Shinjuku 1968 – 2018

Il y a tout juste 50 ans, le célèbre quartier de la capitale japonaise a été un des principaux lieux d’ébullition du pays.

Shinjuku en 1968 vu par Watanabe Hitomi dans son livre 1968 Shinjuku (éd. Machikarasha, inédit en français). / Watanabe Hitomi

Ce ne sont pas des photos du passé. Ce sont des photos d’aujourd’hui”. Ces propos du célèbre photographe Araki Nobuyoshi figurent sur le bandeau du recueil réunissant les clichés réalisés par Watanabe Hitomi. Publié en 2014 par le petit éditeur Machikarasha, cet ouvrage passé presque inaperçu constitue un témoignage saisissant de ce que le Japon vivait alors, mais il est aussi le reflet de ce que le quartier de Shinjuku est devenu. Simplement intitulé 1968 Shinjuku, il nous permet de comprendre à quel point ce quartier de Tôkyô a été au cœur d’un bouillonnement culturel sans précédent et il nous donne la possibilité de s’y immerger comme si rien n’avait vraiment changé en 50 ans. Pourtant, si Shinjuku reste un lieu où bat en partie le cœur de la mégalopole nippone, il faut bien reconnaître que l’on est loin d’enregistrer la même effervescence notamment sur le plan culturel. Il faut se déplacer plus à l’ouest vers Nakano pour retrouver l’ambiance qui y régnait.
Alors que Paris allait connaître une incroyable agitation qui s’inscrira dans l’histoire sous le nom de Mai 1968, Tôkyô est au cœur d’un vaste mouvement d’agitation qui dure depuis une bonne dizaine d’années. “Je pense qu’on avait tous une sorte de colère en nous à l’époque.
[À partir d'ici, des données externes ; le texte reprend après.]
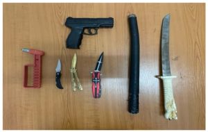 αεροβόλο όπλο, ρόπαλο,-3- πεταλούδες-σουγιάδες, θραύστης τζαμιών,-2- οχήματα, μοτοσυκλέτα,-7- κινητά τηλέφωνα καιτο χρηματικό ποσό των (70) ευρώ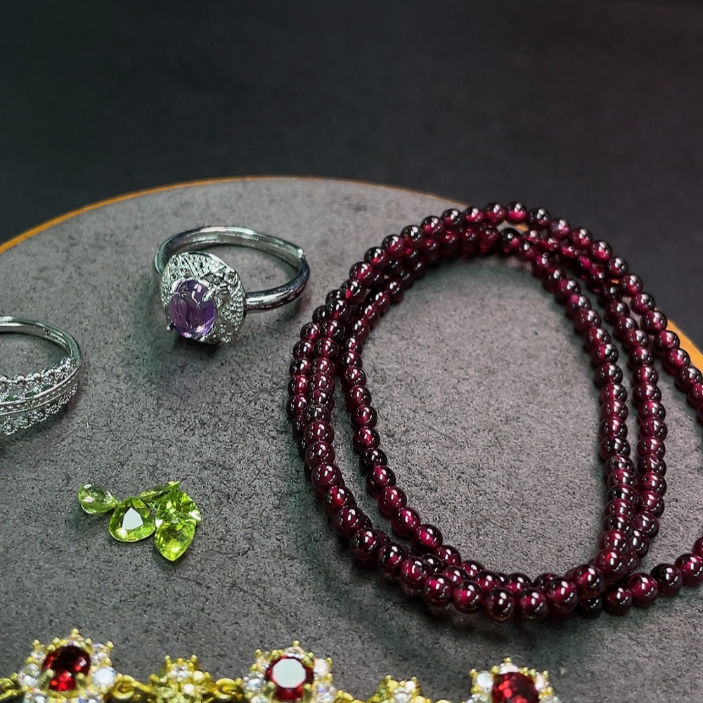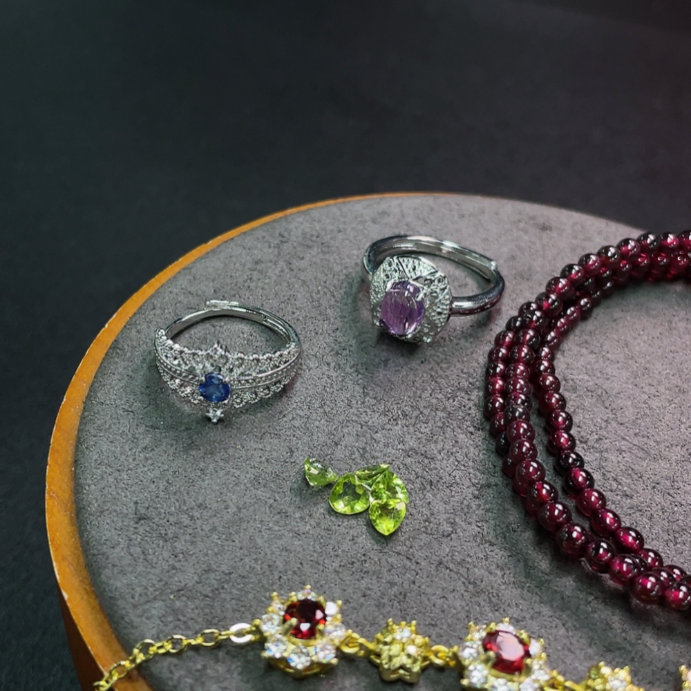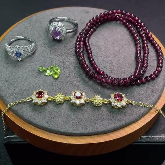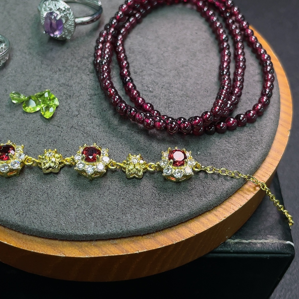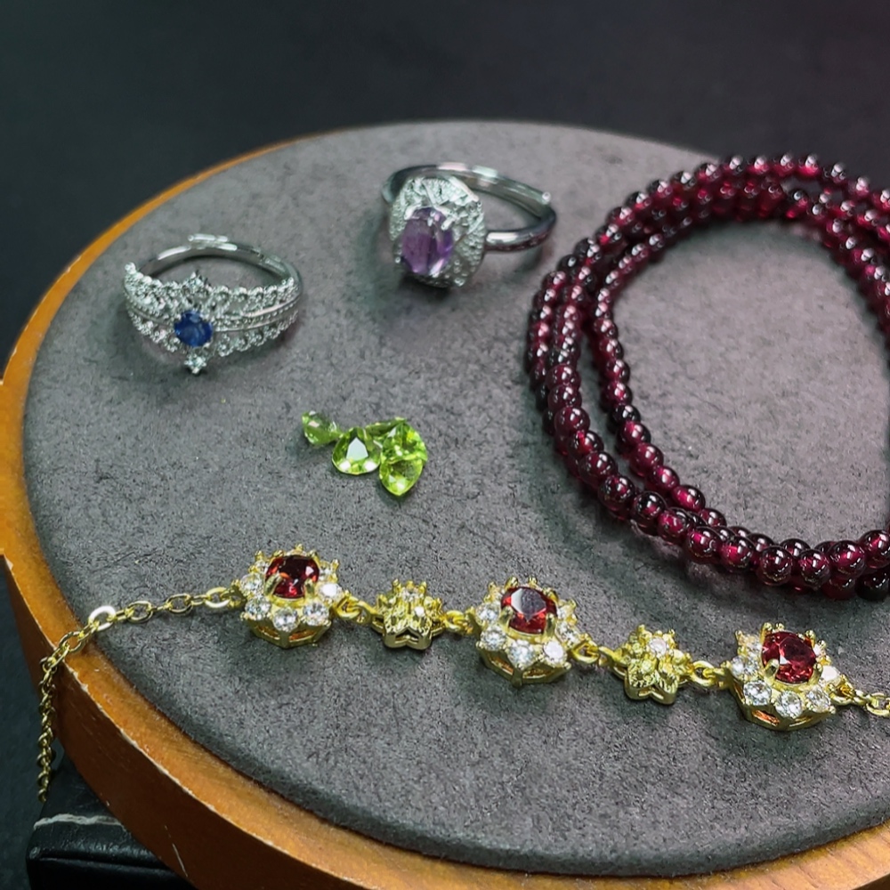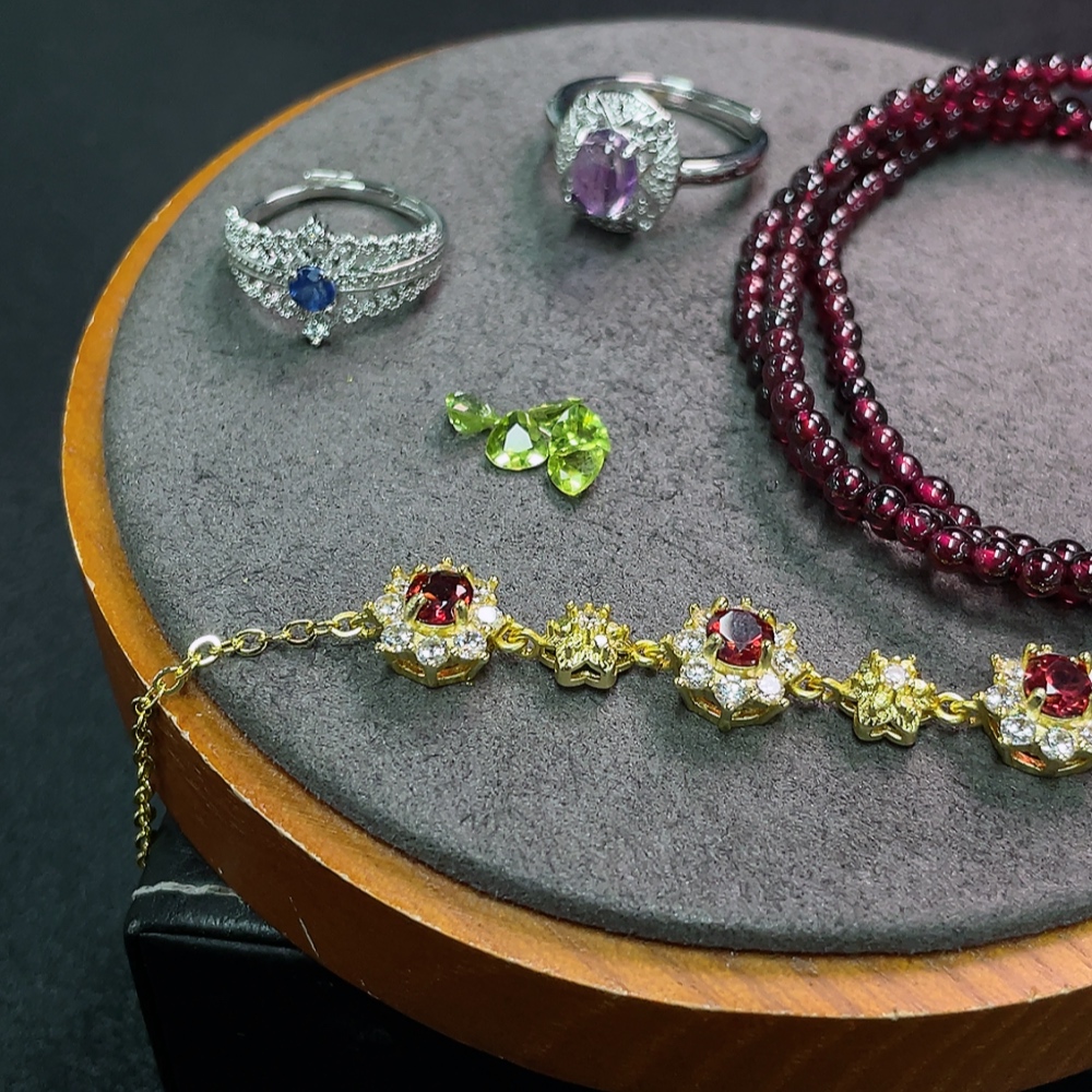 Garnet + Sapphire + Crystal + Peridot Jewelry Non-Gold Total Weight Approx. 25.53g Sell as a Lot

On était énervés contre la génération de nos parents”, confie le mangaka Sasaki Maki (voir p. 28) qui s’illustre en 1968 avec des œuvres pleines, reconnaît-il, de “rage”. “J’avais beau m’amuser et expérimenter, j’étais en colère”, ajoute-t-il dans un entretien que l’on retrouve dans le recueil de ses œuvres Charivari! publié récemment par Le Lézard noir. Outre les questions liées à l’augmentation des frais universitaires ou au renouvellement du Traité de sécurité nippo-américain qui met des millions de personnes dans les rues au début de la décennie, la guerre du Vietnam à laquelle le Japon participe indirectement puisqu’une grande partie de l’effort militaire des Etats-Unis transite par leurs bases implantées sur le territoire nippon mais aussi la prise de conscience écologique alimentent cette colère qu’évoque le dessinateur, mais qui se retrouve chez d’autres jeunes de l’époque.
Si Paris et ses barricades deviennent les symboles mondiaux de la révolte qui gagne le cœur de la jeunesse née après la Seconde Guerre mondiale, on aurait tort de ne pas s’arrêter sur ce qui s’est passé au même moment à 10 000 kilomètres. C’est la raison pour laquelle, à la veille de célébrer Mai 1968, nous voulions mettre l’accent sur Shinjuku avec les témoignages de ceux qui y passaient le plus clair de leur temps et qui l’ont vu évoluer. Un lieu de mémoire en perpétuel mouvement dont il fallait rappeler le rôle crucial dans l’histoire contemporaine du Japon afin de mieux comprendre les changements intervenus dans le pays depuis lors.